#### [TASK DETAILS]
Leave the pictures aside. Retype exactly the lines from the top of the data below through the one holding "長いお休みだったので朝はお母".

(Beginning of INPUT RECORDS)

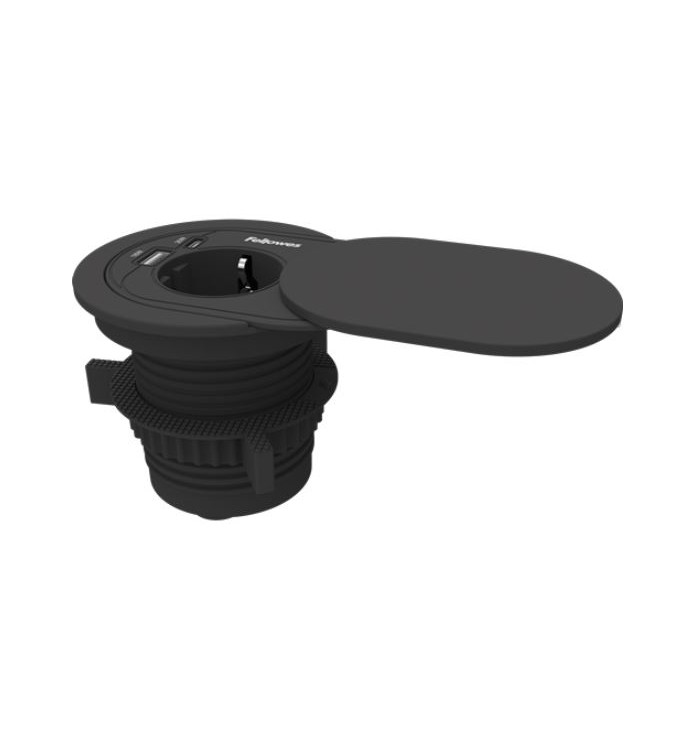 TOMA DE CORRIENTE EMPOTRABLE 1 PUERTO (230 V), 1 PUERTO USB-A Y 1 PUERTO USB-C . CABLE DE ALIMENTACIÓN DE 2 MT NEGRO - FELLOWES
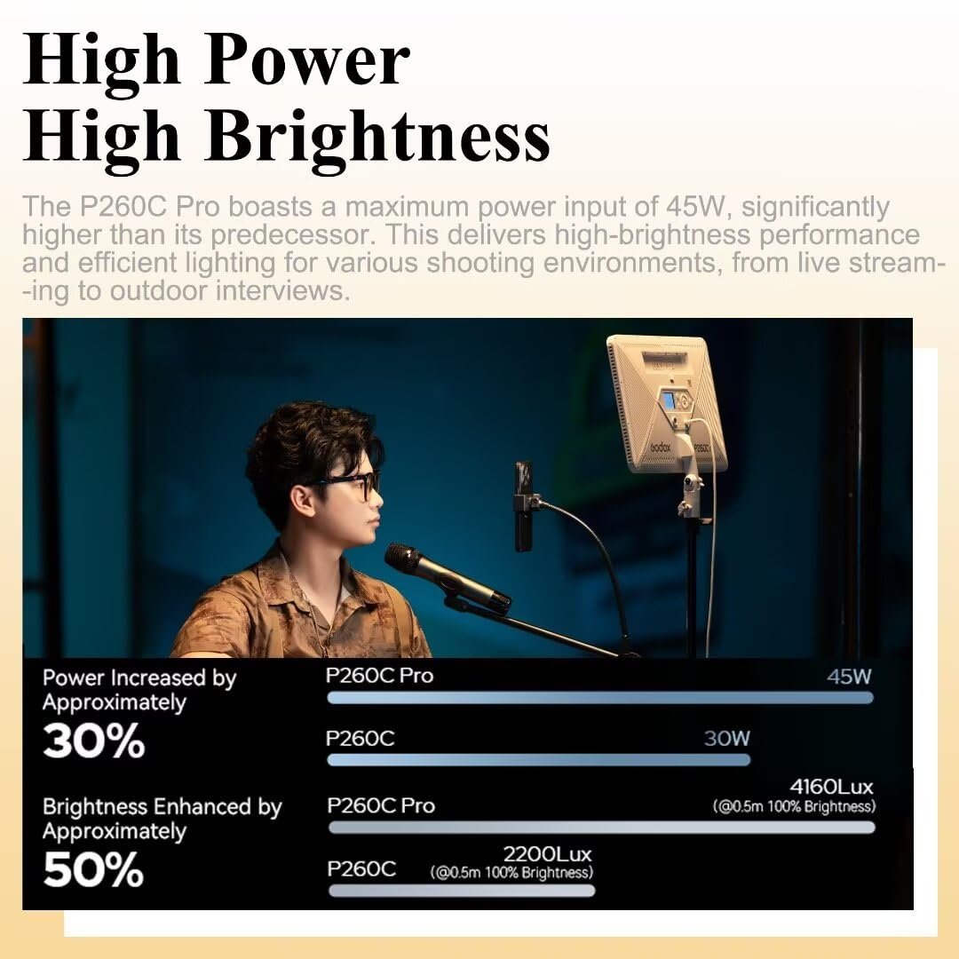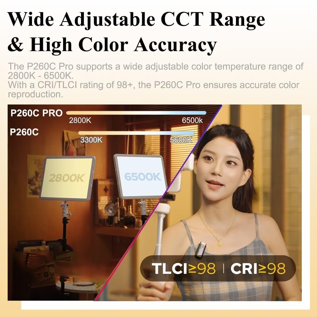 【High Power, High Brightness】The P260C Pro supports a wide adjustable color temperature range of 2800K – 6500K, boasts a maximum power input of 45W, significantly higher than its predecessor. This delivers high-brightness performance and efficient lighting for various shooting environments, from live streaming to outdoor interviews.
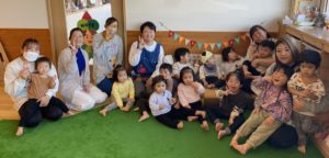 長いお休みだったので朝はお母さんと離れがたい子もいましたが、先生に抱っこしてもらって安心するとおともだちと元気に遊び始めました(*^^*)
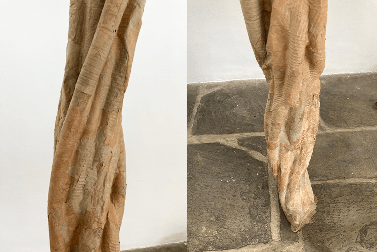 Things looked up when Chris arrived again and the second taproot became vertical like the first. It’s attached in a different way – it’s actually hung from screws on a joist using fishing twine. I then had to slit it down the middle in order to pull the stuffing out; I had to get my hand right up inside there, and Chris said I looked like a vet.
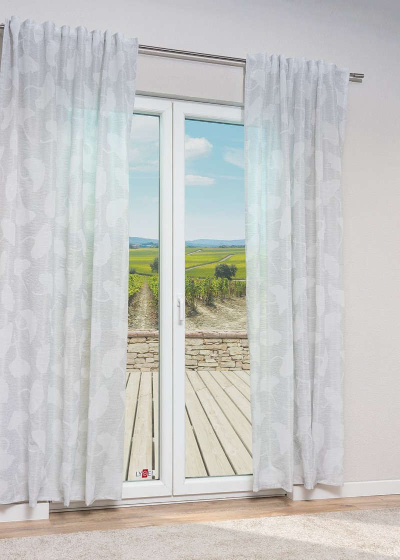 Mit der aufgebrochenen Gitternetzstruktur setzt dieses Modell moderne Akzente und sorgt für eine lebendige Dynamik. Das silberne Muster auf dem ansonsten unifarbenen Untergrund aus Polyester und Polyacryl weist einen leichten Schimmer auf, haucht diesem Accessoire dadurch stilvolle Eleganz ein. Zimmerdeko aus dem durchlässigen Mischgewebe bietet den perfekten Kompromiss zwischen Tageslicht und Sichtschutz. Eine solche Deko trägt in Ihrem Zuhause zu einem offenen und einladenden Raumcharakter bei. Abschluss und Seiten sind bei diesem Modell gesäumt. Das gibt Ihnen die Möglichkeit, eigene Accessoires zu kreieren. Ihrem Einfallsreichtum sind dabei keine Grenzen gesetzt. Zur Reinigung des Raumschmucks können Sie den Schonwaschgang der Waschmaschine bei 30°C benutzen.
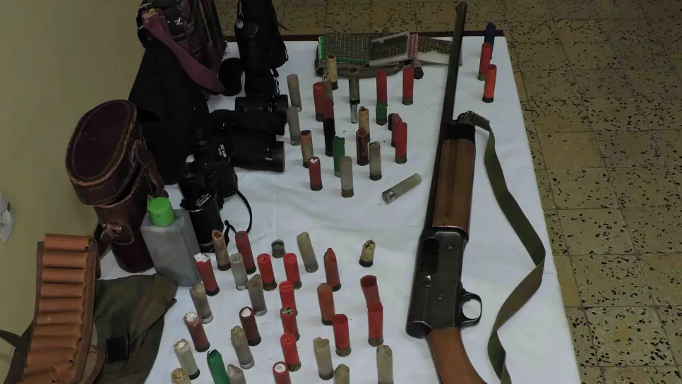 تمكنت أمس فرقة البحث والتحري بأمن ولاية البيض من توقيف ثلاثة أشخاص تراوحت أعمارهم ما بين 31و57 سنة وحجز بندقية تكرارية عيار 16 ملم وثلاثة مناظير ميدانية و100 خرطوشة و300 كبسولة. وقد تمت العملية باستغلال معلومة مؤكدة عمل عليها المحققون وكثفوا دوريات المراقبة والترصد لتحركات الأشخاص المشتبه فيهم وتحديد مقر أقاماتهم ضواحي البيض، وبعد استصدار أمر بتفتيش مساكنهم تم العثور على السلاح الناري والذخيرة الحية، وقد تم استكمال كافة إجراءات التحقيق على أن يحال الموقوفون على وكيل الجمهورية لدى محكمة البيض بتهمة حيازة سلاح ناري وذخيرة حية وأجهزة حساسة بدون ترخيص.
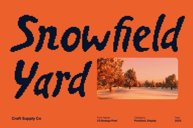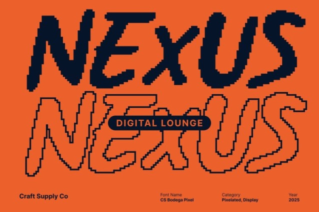 CS Bodega Pixel Font This font brings together the fun energy of a handwritten style with the nostalgic structure of pixel graphics. Designed to look cute, lively, and expressive, this font features bold strokes that amplify its handwritten character, making every letter feel dynamic and full of personality.
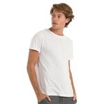 Short-sleeved T-shirt. Crew neck collar in 1x1 Slub yarn rib. Side seams. Neck-tape in self-fabric. Bar taking (Folded hem attached with 3 bartacks). Blind stitch on hem.

(End of INPUT RECORDS)

#### [TASK RESPONSE]
 TOMA DE CORRIENTE EMPOTRABLE 1 PUERTO (230 V), 1 PUERTO USB-A Y 1 PUERTO USB-C . CABLE DE ALIMENTACIÓN DE 2 MT NEGRO - FELLOWES
 【High Power, High Brightness】The P260C Pro supports a wide adjustable color temperature range of 2800K – 6500K, boasts a maximum power input of 45W, significantly higher than its predecessor. This delivers high-brightness performance and efficient lighting for various shooting environments, from live streaming to outdoor interviews.
 長いお休みだったので朝はお母さんと離れがたい子もいましたが、先生に抱っこしてもらって安心するとおともだちと元気に遊び始めました(*^^*)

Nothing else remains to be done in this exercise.